The organic thin film transistor according to the present invention includes a source electrode and a drain electrode, an active layer which becomes a current path between these electrodes and contains an organic semiconductor compound according to the present invention, a gate electrode which controls a current passing through the current path, and an active layer and a gate electrode. It comprises an insulating layer disposed between. The structure of the organic thin film transistor may be a top contact method or a bottom contact method, as shown in FIG. 1. In the case of the phase contact structure, the source layer and the drain are located above the channel layer. There is no curvature of, which is more desirable because of less interference with the flow of charge in the source and drain portions.

As another specific aspect, the present invention provides an organic solar cell comprising the organic semiconductor compound according to the present invention as an electron donor material in an active layer.

The organic solar cell has a high work function with a metal / oil-based conductor (photoactive layer) / metal (Metal-Samicondustor or Insulator-Metal (MSM)) structure, and has a low work function with ITO (indium tin oxide) as a transparent electrode. Al or Ca is used as the cathode. Here, the BHT (Bulk-heterojunction) structure using a semiconductor polymer / C60 composite as a donor and an acceptor as an organic semiconductor will be described as an example. First, the polymer / C60 composite solution, which is a photoactive layer, is spin coated, Coating on the ITO layer to a thickness of about 100nm by inkjet printing or the like method. On top of this, Al or Ca metal is vacuum-deposited and used as a cathode, and an extruder blocking layer (EBL) layer is inserted between the electrode and the photoactive layer to enhance the life of the charge as necessary. As the EBL layer, a mixture of PEDOT and PSS may be used.

FIG. 2 is a schematic diagram illustrating a comparison of a bi-layer (B) mode (B) and a bulk-heterojunction (BHT) mode (B) in the structure of an organic solar cell.

In general, the diffusion distance of excitons in organic donors is about 10-30 nm, which is much shorter than the appropriate thickness of donor material for absorbing sunlight (over 100 nm). This is one of the fundamental causes of limiting the efficiency of the organic solar cell, the existing bi-layer (BL) structure is difficult to solve this problem. In addition, since both materials forming the BL (bi-layer) structure are organic monomolecules, deposition is required, and in the case of polymers, it is difficult to manufacture by simple processes such as spin coating. On the other hand, the polymer BHJ structure uses a mixture of donor (D) and acceptor (A) materials, which simplifies the manufacturing process and greatly increases the surface area of the D / A interface. As a result, the charge collection efficiency increases.

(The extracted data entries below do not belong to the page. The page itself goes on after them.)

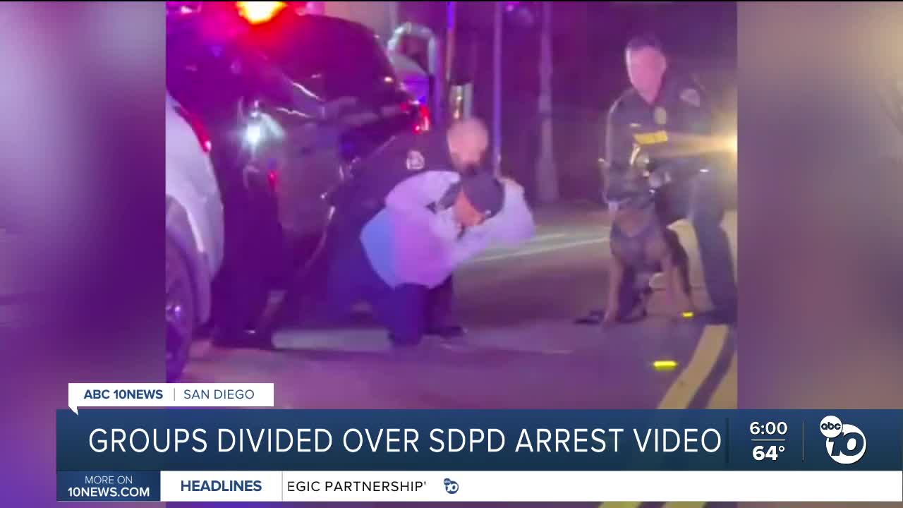 SAN DIEGO (KGTV) — A viral video showing San Diego police officers arresting a man last weekend has sparked controversy between the police officers' association and the agency that investigates police misconduct.
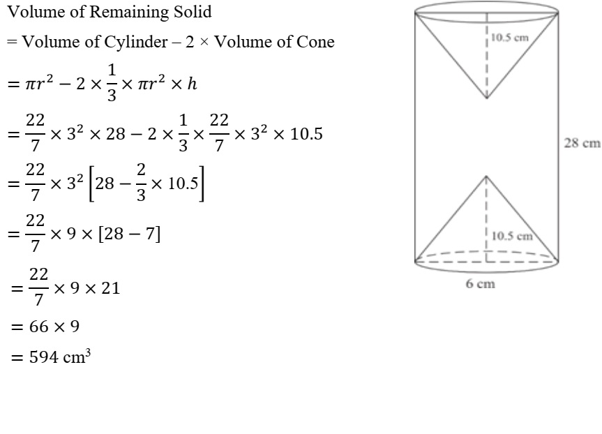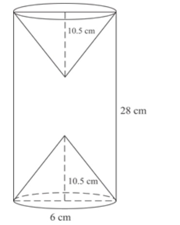 Mensuration (10)From a solid wooden cylinder of height 28 cm and diameter 6 cm, two conical cavities are hollowed out. The diameters of the cones are also of 6 cm and height 10.5 cm. Taking π = 22/7 find the volume of the remaining solid.
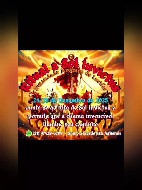 Ritual a Sol Invictus Junte-se ao Rito de Sol Invictus e permita que a chama invencível ilumine seu caminho. 24/25 de Dezembro de 2025. Contato: @Irmandade Arcanos de Lúcifer (21) 97428-6209 Sumo Sacerdotisa Asherah #SolInvictus #Mitra #Sol #viralvideo #kwai
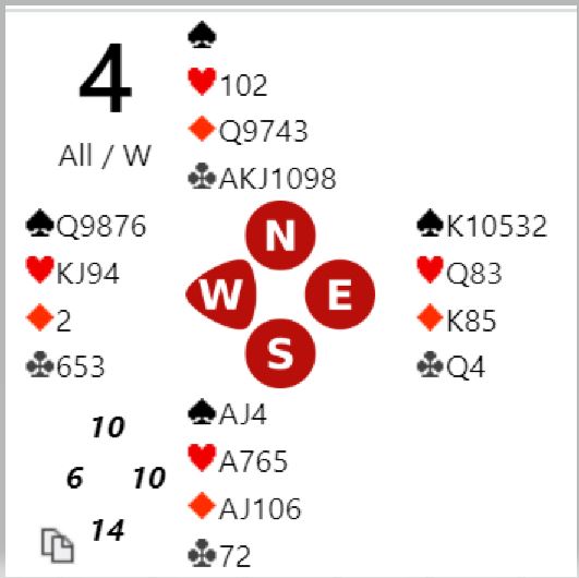 Fem av 16 N/S-par var i slem, tre av dem i ruterkontrakt hvor en ikke behøver å tape kløverstikk, fargen kan trumfes god. Ett par var i 7 ruter! Da ruterfinessen gikk bra og kløveren enkelt ble godspilt ble det en formidabel +2140 til notering ved det bordet.
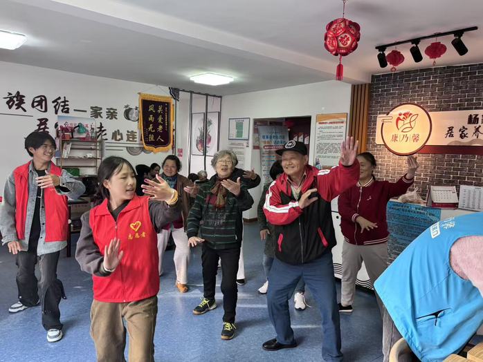 与此同时,杨家门社区居家养老服务中心内暖意融融。活动伊始,志愿者们为老人们送上亲手书写的祝福贺卡。字字真挚,句句含情,老人们眼角的笑意逐渐漾开,温暖了整个空间。随后的太极拳教学,将关怀融入行动。志愿者们将招式化繁为简,拆解为易于掌握的基础动作。伴随着舒缓的音乐,他们一边讲解太极舒筋活络的养生功效,一边穿梭于老人之间,轻声指导、耐心鼓励。老人们精神矍铄,一招一式虽显生涩,却透出生命的从容与活力,活动现场回响着整齐的脚步声与阵阵欢笑。
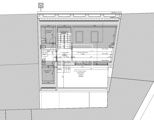 The top floor, only accessible by the stairs, offers a space of 28m2 that can be used as a family room or a bedroom, this floor gives access to the terrace of 24m2.
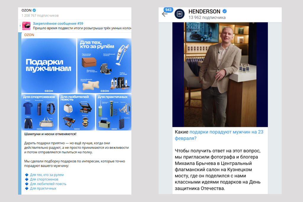 Скачать PDF-инструкцию «Где и как публиковать широкоохватные статьи бесплатно»К примеру, Ozon сделал карточки с презентами по интересам, а бренд Henderson записал ролик с фотографом и блогером Михаилом Брычевым, который подсказал подписчицам идеи подарков для деловых мужчин.
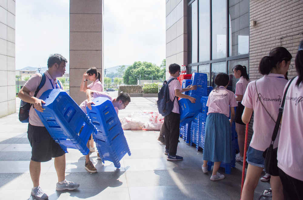 这天,有那么一群“小粉衣”(万象城allwincity官网团委、学生会干部),他们用辛劳的付出、真情的服务为即将踏入社会的师兄师姐们送上最真挚的祝福——早上六点二十五分,团学干部们便开始投入工作中。从上午毕业典礼的结束到下午的学位授予,“小粉衣”们兢兢业业坚守自己的岗位,做好整队、带队、引导、疏导等工作,直到下午四点半收拾好并打扫好会场才结束工作,耗时605分钟给予2019届师兄师姐们精心的筹备、暖心的陪伴、真诚的践行。
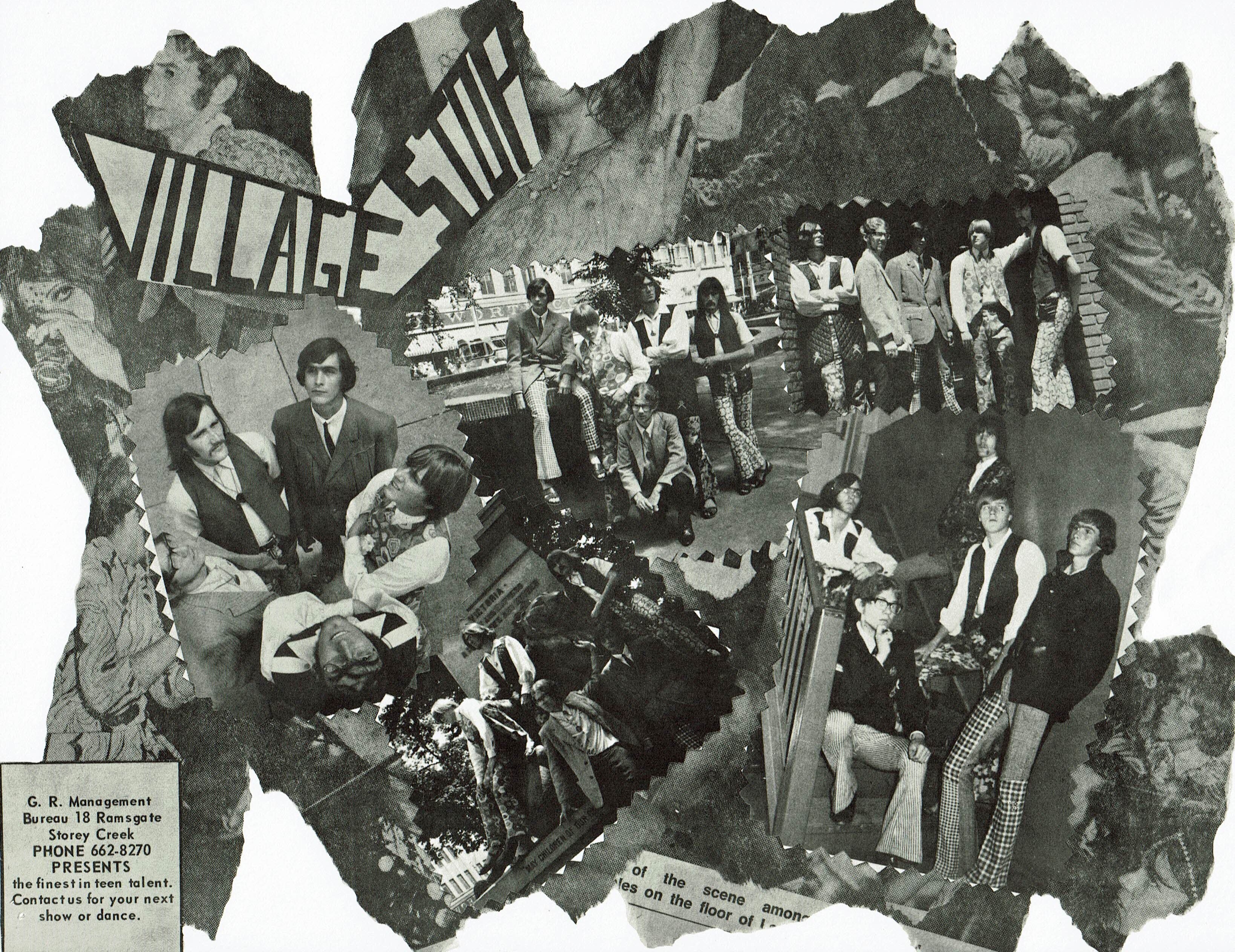 The first vocalist in the band was Bill, a red-haired Mick Jagger look-a-like who had good stage presence and energy, but lacked in vocal quality. After some searching we added a fifth member (Al Pope) who had a fair voice and a look the band required (long black hair, charming to the women). Over the next while the band evolved, matured musically, began gaining a following in the local teen dance scene and changed the name to S.T.O.P. (Sound’s Typical Of People). The Village part was added later because of the "Yorkville" happening in Toronto and "Greenwich Village" in New York, at the request of a manager we soon acquired as we were becoming popular. He felt it would be more "in" with the music scene at that time.
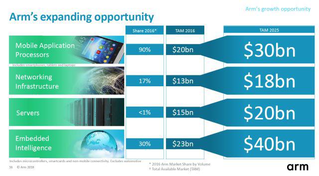 與中國手機(jī)廠商不同,Arm一直面向的是全球市場,全球移動設(shè)備增速下降一定會影響到今后的增長,而截止2016年,Arm移動應(yīng)用處理器市占率已經(jīng)高達(dá)90%,可增長空間有限。所以,Arm必須在移動設(shè)備增長放緩之際加大拓展新應(yīng)用方向的力度。
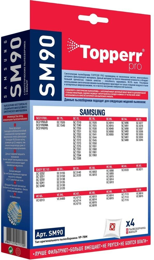 Синтетические пылесборники подходят для пылесосов Samsung произведены из экологически чистого, 4-слойного нетканого фильтрующего материала MicrofiltPlus. Данный материал не боится повышенной влажности и обладает большой прочностью, главное качество – способность задерживать 99,5% пыли. Регулярное использование синтетических мешков-пылесборников гарантирует не только очищение воздуха от пыли и аллергенных микроорганизмов, но и чистоту внутренних поверхностей пылесоса.
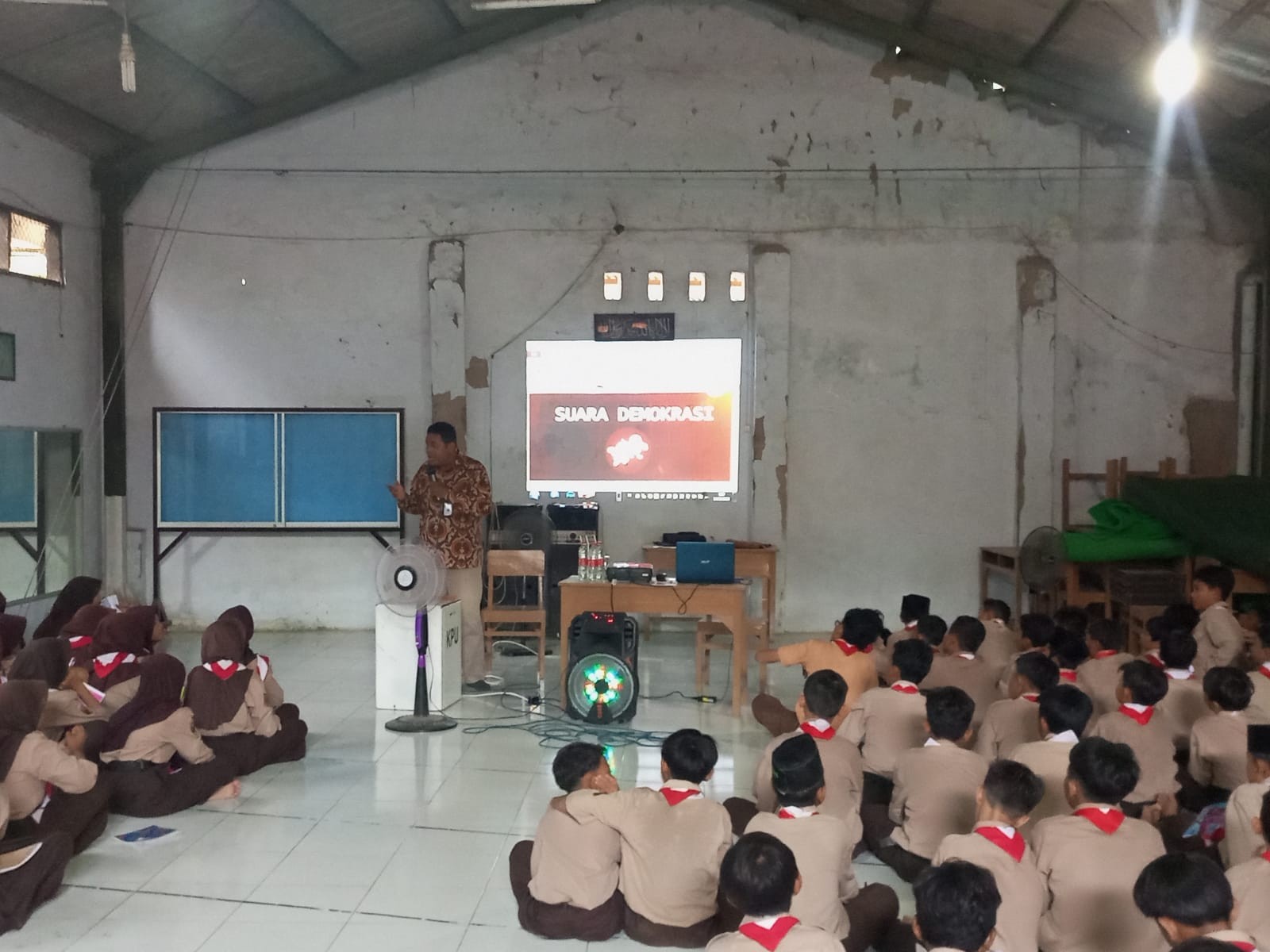 Anggota KPU Kabupaten Pemalang, Wahyono menjadi narasumber pada kegiatan Projek Penguatan Profil Pelajar Pancasila (P5) di SMP Islam Pemalang, Sabtu (14/10/2023) pukul 09.00 WIB. Kegiatan tersebut bertema Demokrasi, yang di ikuti oleh kelas VII. Materi yang disampaikan yakni terkait dengan demokrasi dan bagaimana pemilu di Indonesia dari tahun ke tahun. Kegiatan tersebut diharapkan mampu memberikan pengetahuan tentang pentingnya pemilu.
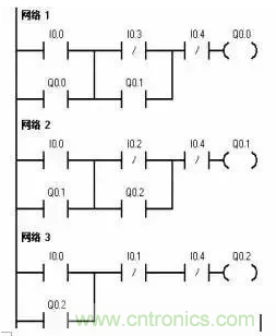 2. 單向順序停止控制電路就是要求按一定順序停止已經(jīng)執(zhí)行的各機(jī)構(gòu)。只有Q0.2被停止后才可以停止Q0.1,若想停止Q0.0,則必須先停止Q0.1。I0.4為急停按鈕。
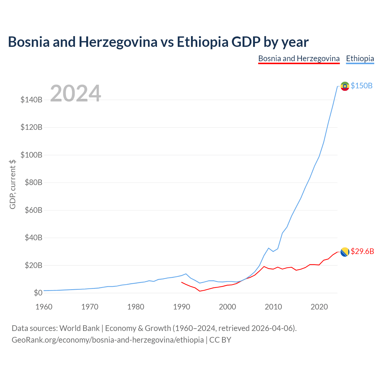 Bosnia and Herzegovina has a GDP of $29.6B compared to $150B for Ethiopia, ranking 111/197 and 60/197 by economy size, respectively.
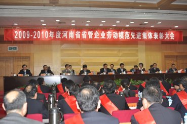 4月29日,2009—2010年度河南省省管企业劳动模范和先进集体表彰大会在省人民会堂召开,来自省管企业的60名劳动模范和40个先进集体受到表彰。河南省副省长陈雪枫,省政府国资委党委书记、省委组织部副部长申振君,省总工会副主席马露霞等领导出席会议并讲话,省国资委主任肖新明主持会议,副主任赵文明宣读了表彰决定。(杨鹏飞)
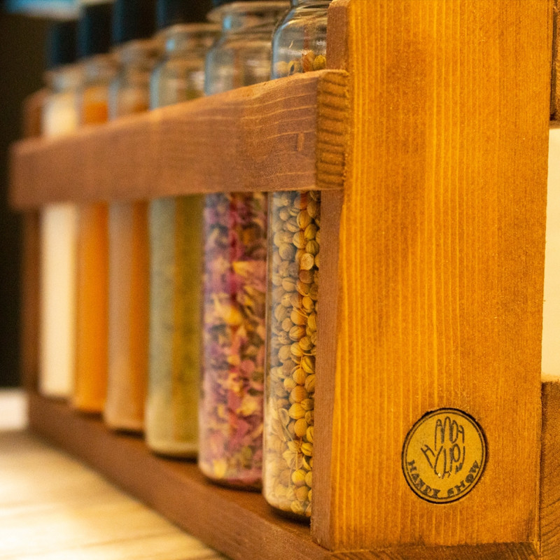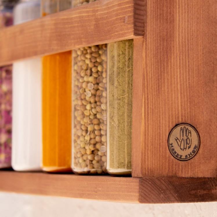 جای ادویه 6 پارچه هَندیشو مدل avina کد T3 ساخته شده از چوب به همراه 6 عدد ادویه ماش با درب پیچی 3 حالته با قابلیت شست و شو ظروف ادویه پاش . قابلیت استفاده به صورت دیواری و رومیزی .
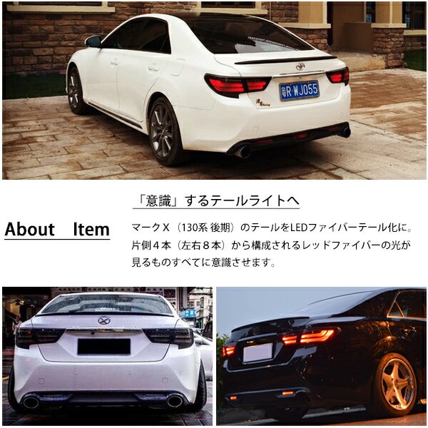 商品説明 マークX GRX130 後期 ファイバー LED テールランプレッドファイバーチューブ内蔵ハイフラ防止対策済み仕様(スペック)【セット内容】テールランプ本体 左右防水パッキン専用配線 適合車種マークX GRX130系 2012年8月〜後期※一部年式、グレードにより配線の加工が必要になる場合がございます※コーキングが必要になります※トランクテール部が設計上の仕様により、若干浮いております。

The organic solar cell according to the present invention preferably has a BHJ structure, and it is preferable to use the organic semiconductor compound according to the present invention as an electron donor material and mix one or more selected from the following electron acceptor materials to form an active layer. .

Among the electron acceptor materials, it is more preferable to use materials such as PCBM and PCBCR designed to be well dissolved in an organic solvent.

The organic semiconductor compound according to the present invention has an excellent hole mobility and has a strong intermolecular attraction in solid state with an aromatic ring and an thiophene group containing sulfur (S) and extended pi-pie stacking (π-π stacking). The new organic semiconductor material including pyrene group having intermolecular-interaction is thermally stable and is contained in active layers such as organic thin film transistors and organic solar cells, and thus has excellent electrical characteristics.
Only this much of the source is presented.